For integrable random variables $X, Y,\,$ $E(X|Y)$ is defined as $E(X|\sigma(Y)).$

But very often I see something like $E(X|Y=y)$ written. If $P(Y=y)>0$ this reduces to $(1)$ but if $Y$ is, for example, continuous w.r.t. Lebesgue-measure, then this doesn't work.

Is there a general definition of $E(X|Y=y)$ which works for discrete and continuous $Y$ and in the case where $Y$ may not have a density?

1

There are 1 best solutions below

5
On BEST ANSWER

A piece of your own, quite lucid, exposition whose importance might have escaped you is the fact that, since the random variable $E(X\mid Y)$ is, by definition, $\sigma(Y)$-measurable, there exists some measurable function $g$ such that $E(X\mid Y)=g(Y)$ almost surely. Then, indeed, it is customary to set $E(X\mid Y=y)=g(y)$ for every $y$.

But note this: if some function $g$ fits the bill, every other measurable function $\bar g$ such that $\bar g=g$ $P_Y$-almost surely, also does.
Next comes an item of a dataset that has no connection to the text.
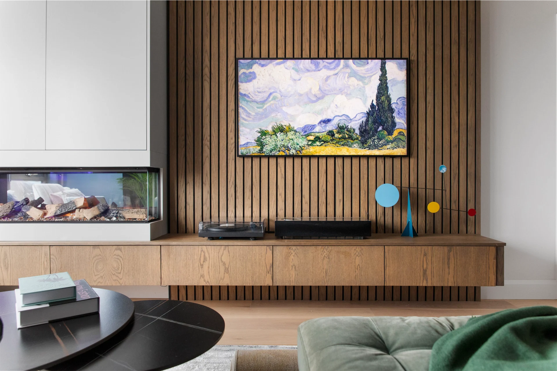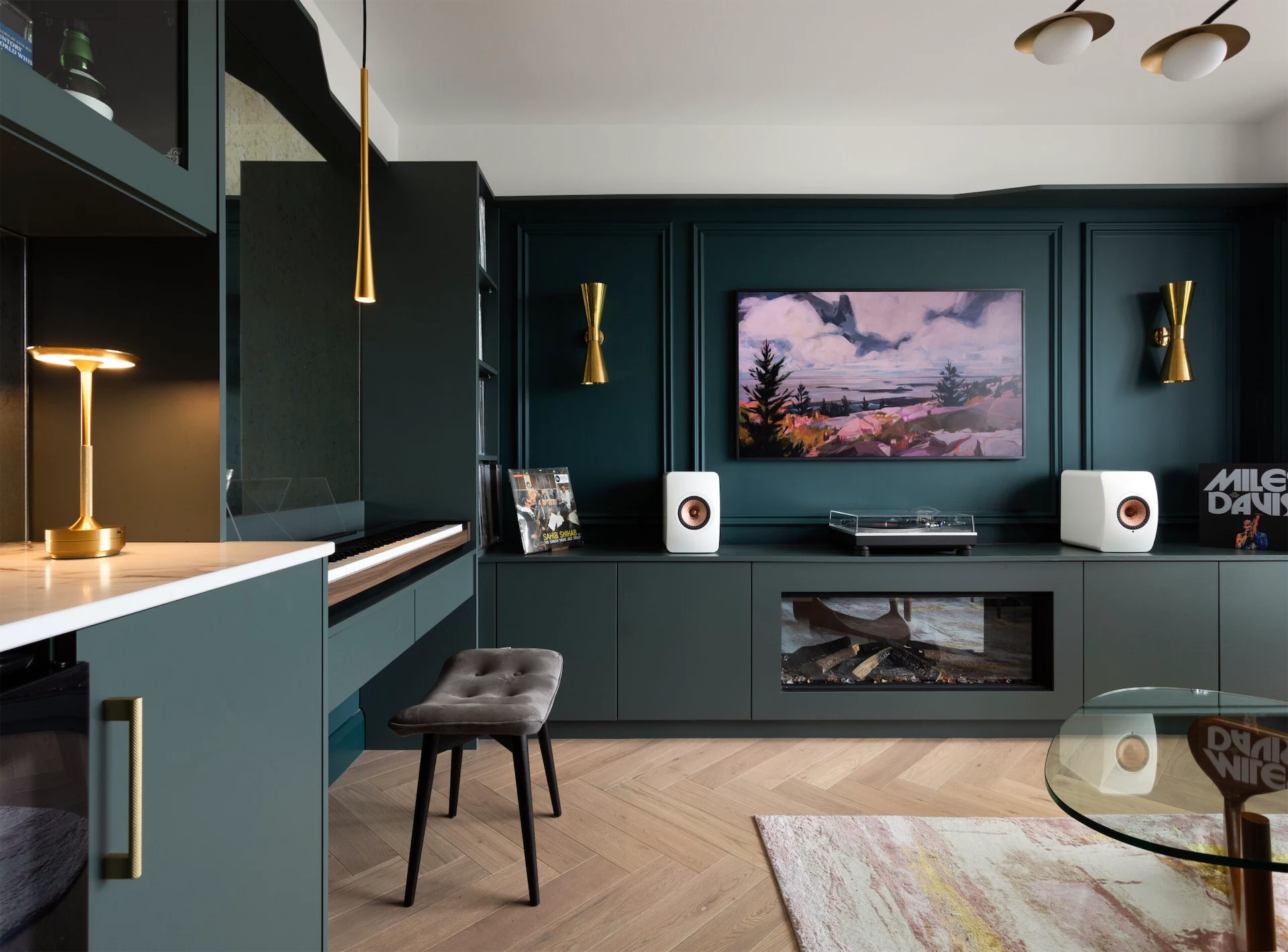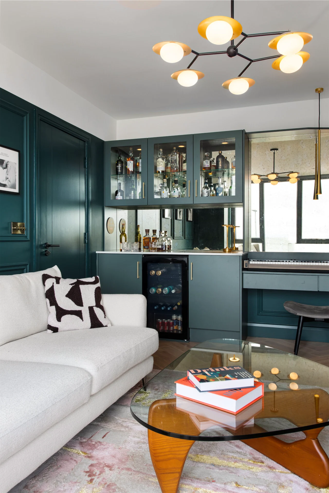 “It’s our clients’ favourite space and you can totally see why,” Joanne says. “With stunning views over the sea, our clients wanted to create a space where they could enjoy their passions: music and entertaining. They wanted this space to feel like an upmarket bar, creating a real hospitality vibe.”

Hence $E(X\mid Y=y)$ is not uniquely defined, pointwise. That is, except at the points $y$ such that $P(Y=y)\ne0$, and then $E(X\mid Y=y)=E(X\mathbf 1_{Y=y})/P(Y=y)$, so all is well.

This latitude in the choice of the function $g$ reflects the fact that the random variables $E(X\mid Y)$ can only be defined up to $P$-null sets and that, rigorously speaking, one should always write that $E(X\mid Y)=g(Y)$ almost surely, instead of simply that $E(X\mid Y)=g(Y)$.

Then, $E(X\mid Y)=g(Y)$ almost surely, $E(X\mid Y)=\bar g(Y)$ almost surely, and $g(Y)=\bar g(Y)$ almost surely (this is what the hypothesis that $g=\bar g$ $P_Y$-almost surely, amounts to), hence the latitude mentioned above does not lead to a contradiction.

This also explains why one rarely sees formulas involving $E(X\mid Y=y)$ in measure theoretic probability lectures, but always random variables $E(X\mid Y)$, uniquely defined up to $P$-null sets.

Example: Consider $X=Y$ uniform on $(0,1)$, then $g$ the identity function works, but also the function $\bar g:\mathbb R\to\mathbb R$ defined by $\bar g(y)=y\mathbb 1_{y\notin\mathbb Q}$. Then $g(y)\ne\bar g(y)$ for every rational number $y\ne0$. One sees that, for each specific $y$ such that $P(Y=y)=0$, the value of $g(y)=E(X\mid Y=y)$ can be anything without failing the definition. In the end, the only property that matters is that $E(X\mathbb 1_{Y\in B})=E(g(Y)\mathbb 1_{Y\in B})$ for every Borel set $B$ of $\mathbb R$.